Ha ha, that health care bill is an evil malignant mess. It is utterly appalling and should simply be killed. It's nothing but a cynical social engineering, income redistribution, racist affirmative-action power grab; just like everything else that has oozed from the administration of that deeply stupid, affirmative-action parasite Obama.

People like Obama would rather see decent citizens murdered than to admit that their evil multiculturalist fantasies are just that. Even now the execrable Napolitano is assuring us that "Islam is a religion of peace" and promising to come down like a load of bricks on anybody who dares to contradict that lie. All the Obamas have is their lies. We will be forced to embrace these lies too.

Anonymous said...

Mandatory employee meetings with the new publisher are being held today in Biloxi while the paper is covering a tropical storm. Some employees believe more layoffs will be announced, just one week after the end of the furlough season.

Anonymous said...

Star will print Wall Street Journal

Damn...so close to going out of business.

/s

Anonymous said...

It is sooo great!
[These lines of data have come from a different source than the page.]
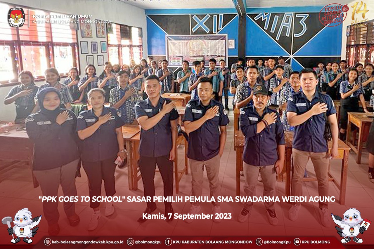 Lolak, kab.bolaangmongondow.kpu.go.id – guna peningkatan partisipasi masyarakat dalam Pemilu 2024, KPU Bolaang Mongondow (Bolmong) melalui Panitia Pemilihan Kecamatan (PPK) secara simultan menggelar sosialisasi lewat program "PPK Goes to School", dimana kali ini pelaksanaannya bertempat di Sekolah Menengah Atas (SMA) Swadarma Werdi Agung, Kecamatan Dumoga Tengah (7/9).
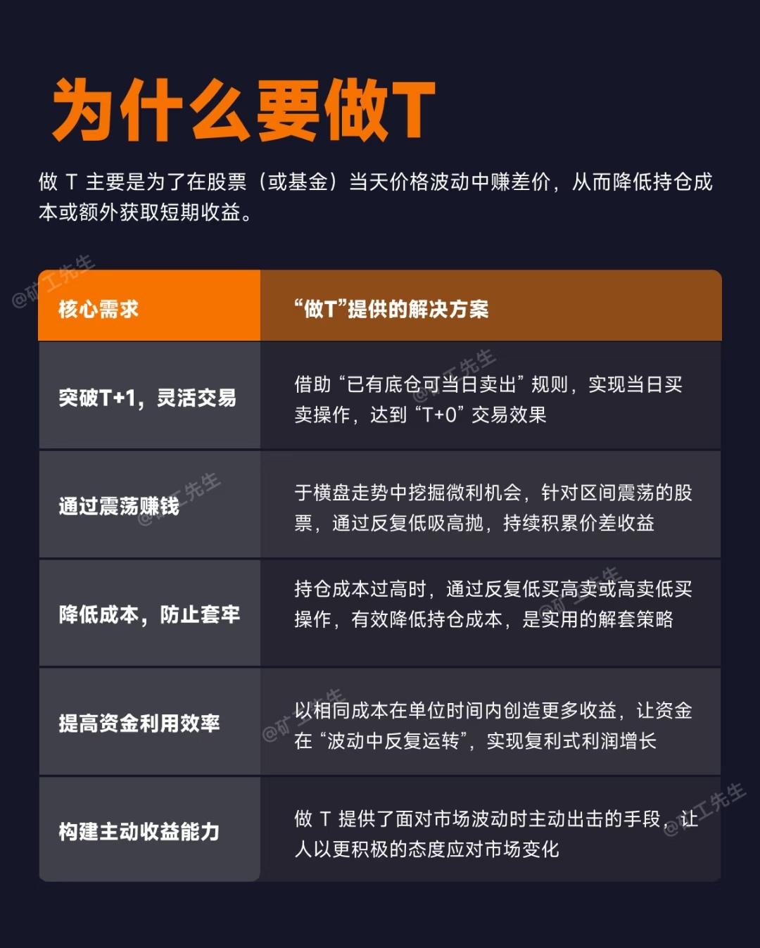 为什么要做T “做T”是指在同一个交易日内完成一次买入和一次卖出的操作,即当天
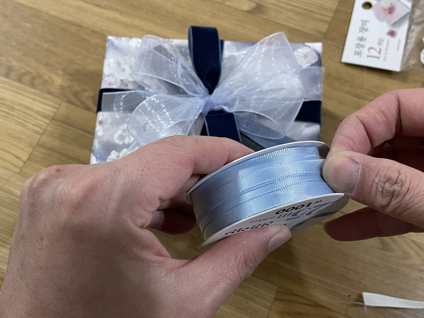포장지 색상에 맞춰서 리본 색상을 구입해야 해요. 다이소에 가서 어울리는 색상의 리본을 구입했습니다.
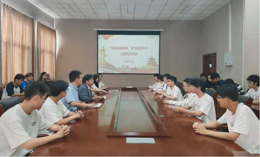 活动在《没有共产党就没有新中国》集体合唱中拉开帷幕。与会党员一同观看党史纪录片,感悟红色精神,牢记初心使命,坚定了“弘扬建党精神,争当先锋表率”的决心。并借此之际,党支部书记于超为党支部学生党员讲解分析就业形势、学习方向,同党支部学生党员交流未来发展规划。在交流研讨环节,党员们联系思想实际、学习和生活实际谈感想、谈体会,共同为未来发展巧分析、谋出路。
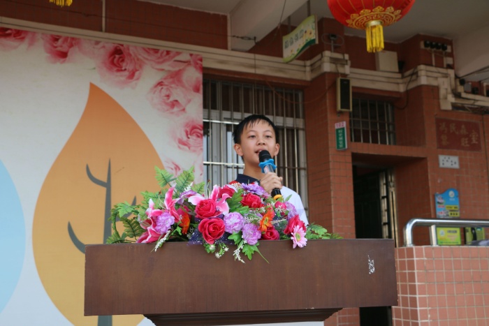 六(3)班的陳俊杰同學也在開學典禮上發(fā)表了他新學期的暢想。陳俊杰同學表示新的學年將嚴格自律,規(guī)范言行,用最飽滿的熱情和努力迎接新學期新生活,以此回報學校和老師們的精心培育。
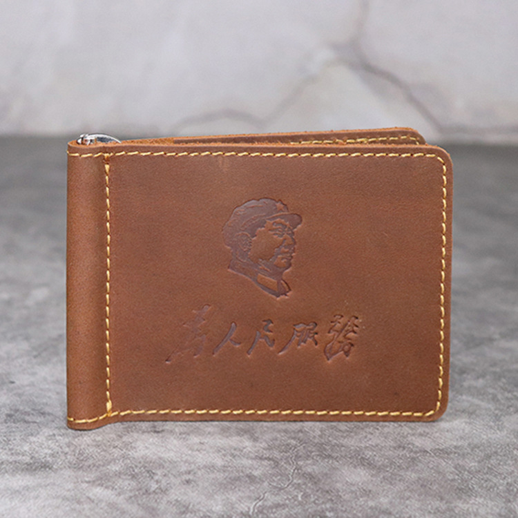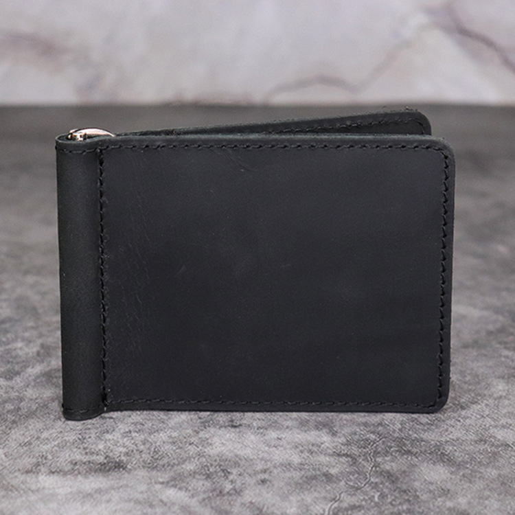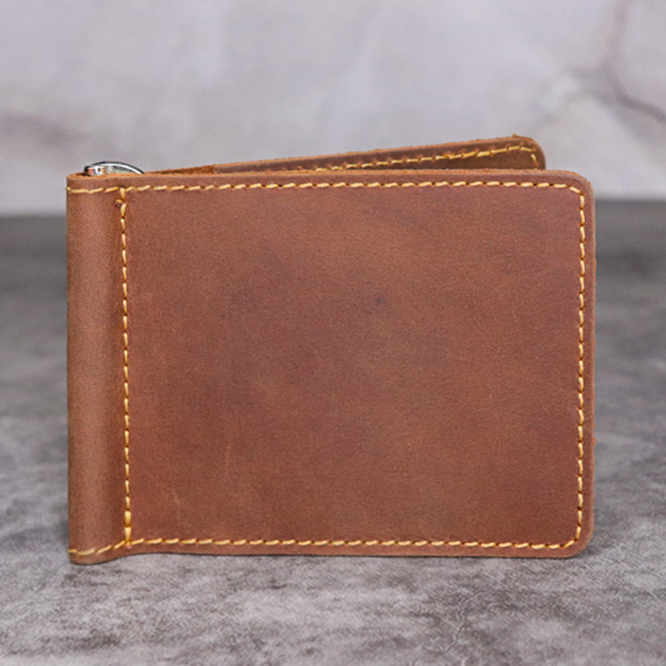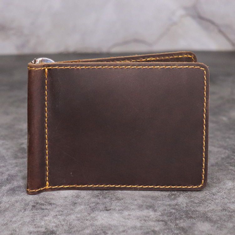 AliExpress 폭발 탑 레이어 크레이지 호스 가죽 심플 뷰티 골드 클립 지갑 가죽 카드 홀더 초박형 레트로 스타일 지갑 도매스토어 가기
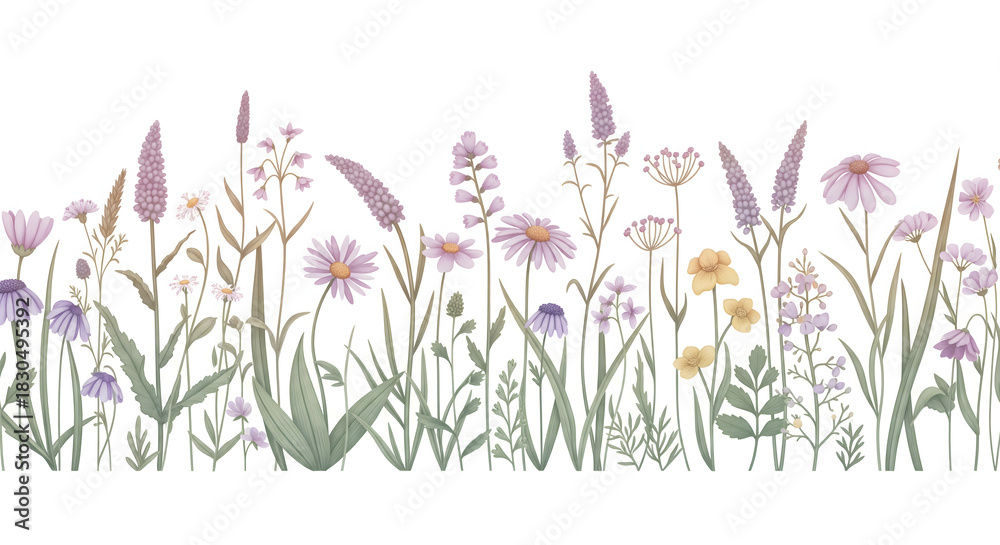 Detailed illustration of various wildflowers, depicting different species in full bloom against a white background.
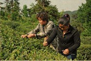 【中图】:本馆工作人员黄姐在天台山华顶云雾茶茶场与茶农一起采茶
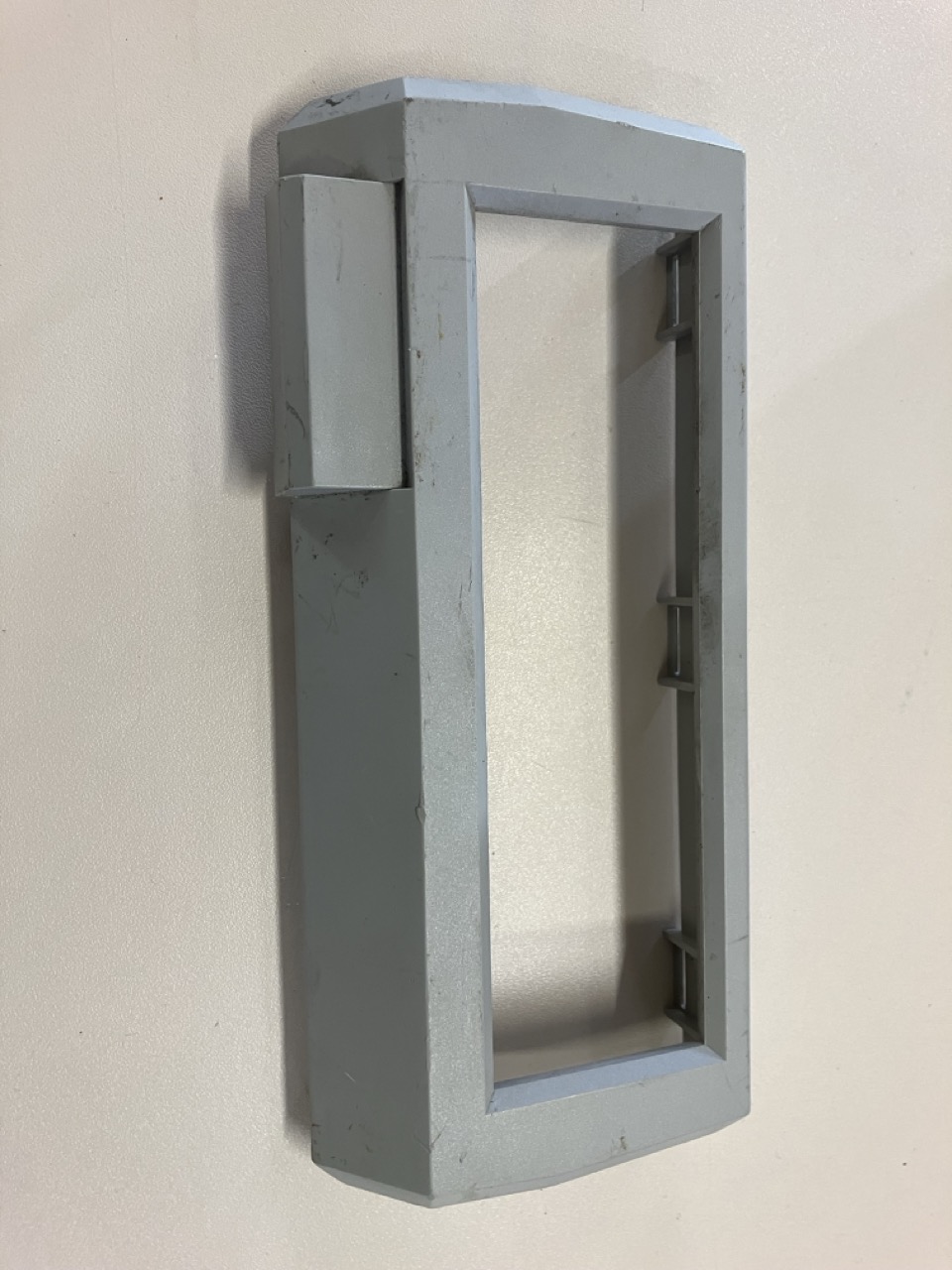 Ganz eindeutig das Gehäuse einer 1050, aber die Frontblende hat kein Loch für LED und Schalter (kein Mod, das ist so aus der Pressform), sowie die Rückblende nicht die trrapezförmigen SIO-Löcher und eine Abdeckplatte drüber. Auch die Vertiefungen für die Füße fehlen, stattdessen sind da feste Füße mit der Pressform angeformt.
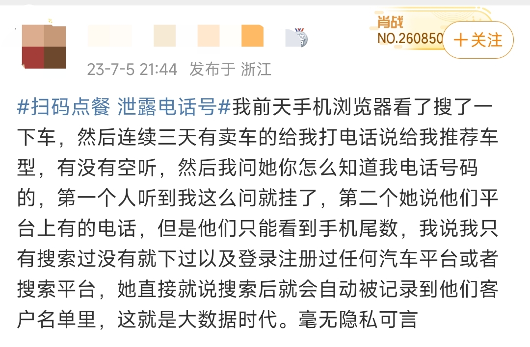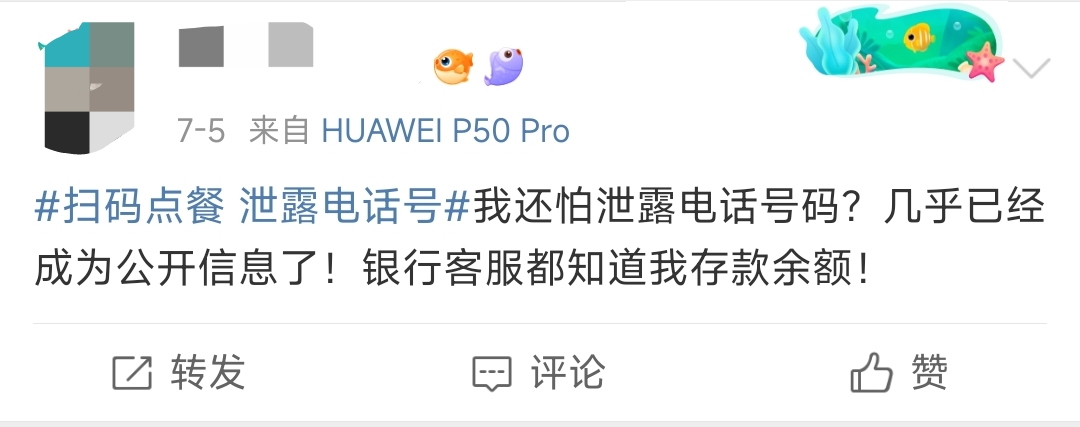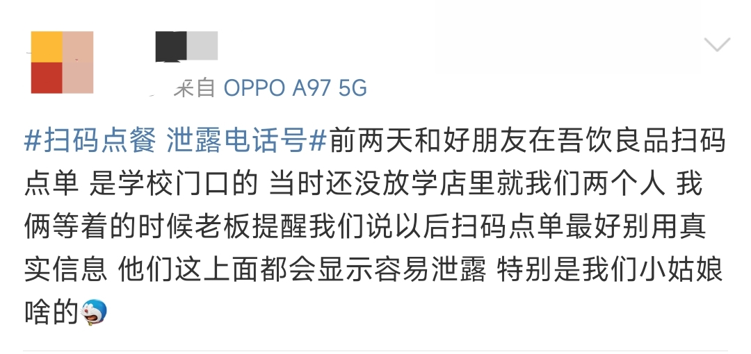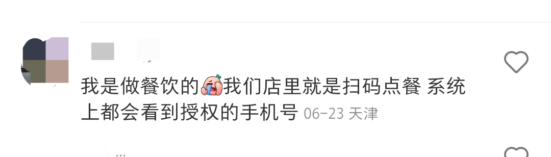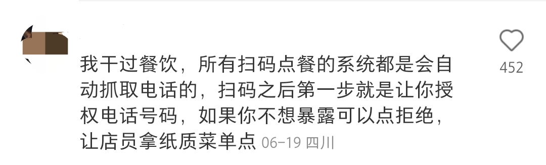對此,部分聲稱做過餐飲的網友解釋稱,“我是做餐飲的,我們店里就是掃碼點餐,系統上都會看到授權的手機號”“我干過餐飲,掃碼之后第一步就是讓你授權電話號碼,如果你不想暴露可以點拒絕,讓店員拿紙質菜單點”“我以前當服務員的時候就通過這個找到過好幾桌沒結賬就走的客人”“餐飲兼職過,掃碼點餐確實能看到電話的,有的客人忘記結賬就需要打電話聯系,我們也會為了五星好評給客人送飲料,但做的不好吃還求人家改評價確實很......”
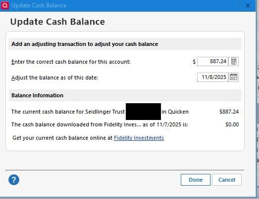 - Quicken Windows users may need to change the Money Market representation if they are not prompted. You can do this by clicking the Cash link in the account or in the Account Details>Online Services Tab, the “Reset Money market securities/cash options to trigger the choice of cash or security again. The cash balance will still be the same that Fidelity reported for the one or more money market securities they have.
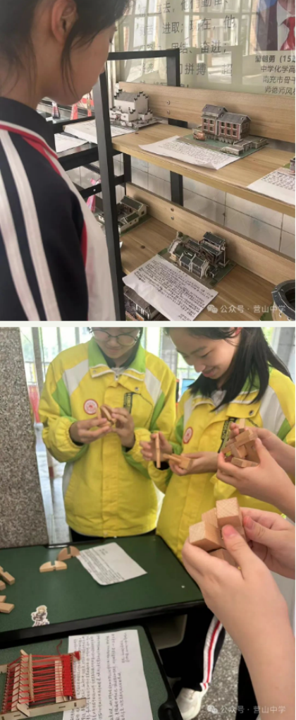 在体验区,同学们体验了造纸术、活字印刷术、织布机、鲁班锁等传统工艺,增强了他们传承传统文化、建设科技强国的责任感、使命感。
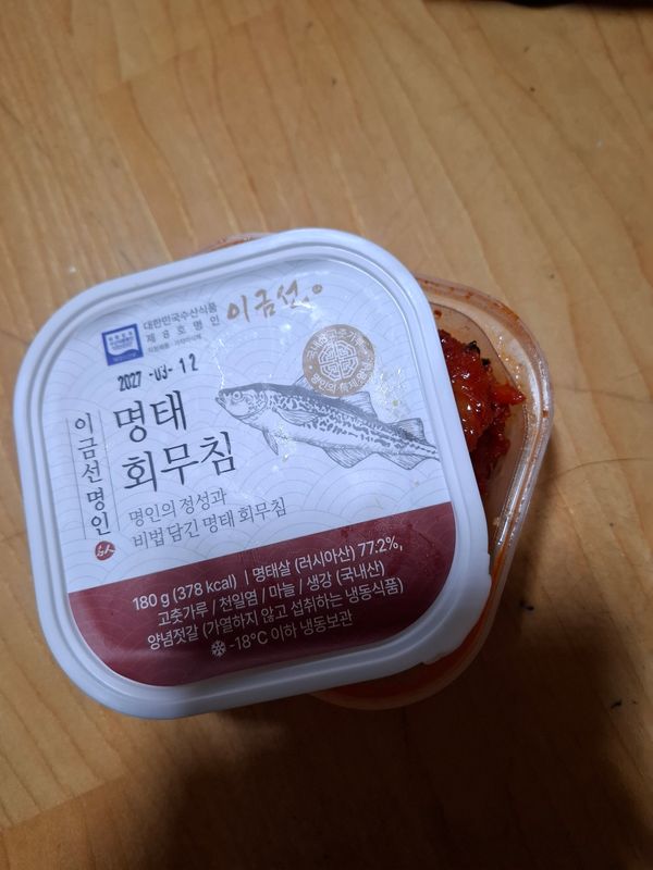 팔도감에서 두 번 째, 두 종류의 명태회무침을 주문했습니다. 둘 중, 저는 이 제품이 입맛에 맞네요. 양념장에 파묻히지 않고, 씹는 맛도 있고, 비린내도 덜하고, 포장이 작아서 따로 소분하지 않아도 포장 뜯지 않은 건 냉동 보관하기에도 좋아요.
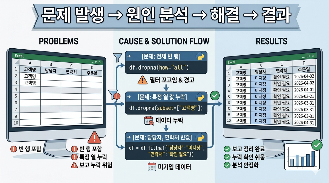 이 코드에서 먼저 봐야 할 것은 dropna(how="all")입니다. 이 구문은 한 줄 전체가 비어 있는 행만 삭제합니다. 실무 파일에는 중간중간 빈 줄이 끼어 있는 경우가 많은데, 이런 행을 먼저 제거해 주면 이후 정렬이나 집계가 훨씬 깔끔해집니다. 그다음 dropna(subset=["고객명"])은 특정 열을 기준으로 빈칸을 제거하는 방식입니다. 즉, 고객명이 없는 데이터는 핵심 정보가 빠졌다고 판단하고 제외하는 흐름입니다. 이 부분은 파일마다 기준 열 이름만 바꾸면 바로 응용할 수 있습니다.
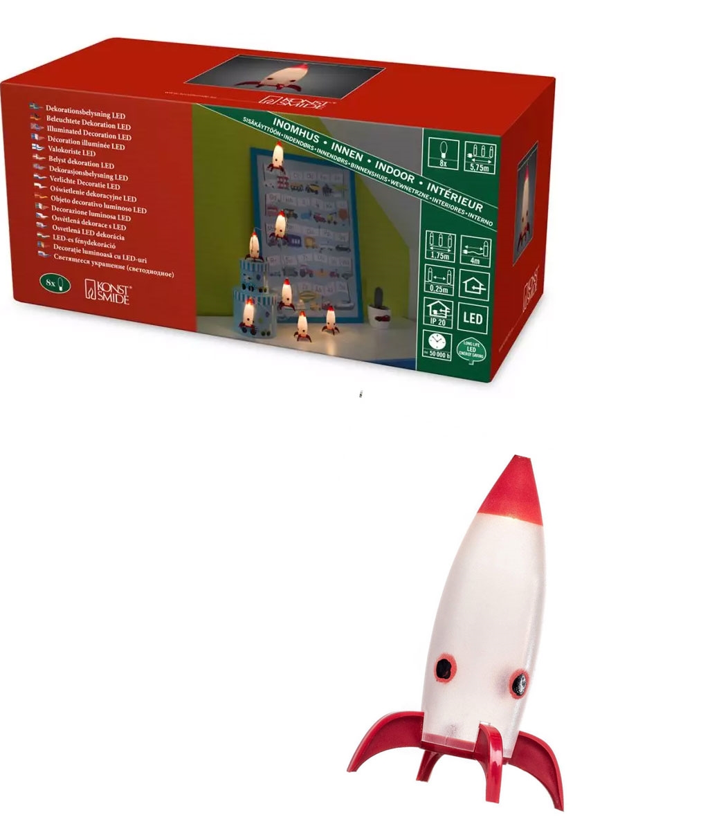 £24.00 inc VATThis is a delightful string light set which contains eight rockets in white and red. Inside each rocket is a warm white LED lamp. These string lights will make a great feature ornament in a room whether it is a child's room or adults - let your inner astronaut come to the fore!
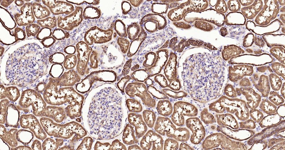 Paraformaldehyde-fixed, paraffin embedded Human Kidney; Antigen retrieval by boiling in sodium citrate buffer (pH6.0) for 15 min; Antibody incubation with SCF Monoclonal Antibody, Unconjugated(bsm-61250R) at 1:200 overnight at 4°C, followed by conjugation to the SP Kit (Rabbit, SP-0023) and DAB (C-0010) staining.
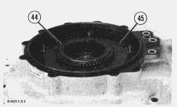 34. Remove the two bolts (45), shims, seal, and output flange (44) from the shaft. Put identification on the shims for use during assembly of transmission.
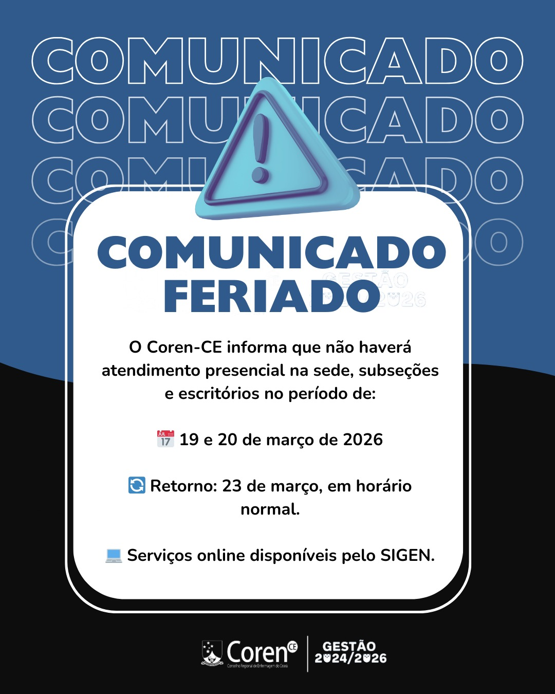 O Conselho Regional de Enfermagem do Ceará (Coren-CE) informa que não haverá expediente na Sede, subseções e escritórios administrativos no dia 19 e 20 de março de 2026, em razão do feriado de São José.

We are succeeding by printing someone else's paper. We have met our journalistic goals. What more could a classically trained professional journalist want that to be a part of printing someone else's story?

Ah... the sweet smell of success. Maybe we could land a contract to print comic books or even bus schedules. That would be a true journalistic coup. Yeah, we be on a roll. The sky is the limit.

Anonymous said...

Uh...oh....my...I thought we were in the money but ruh-roh, it's only 18000 copies- Total. No way we're turning a profit on a 20 min run. We'll be lucky to recover the cost of materials and set up.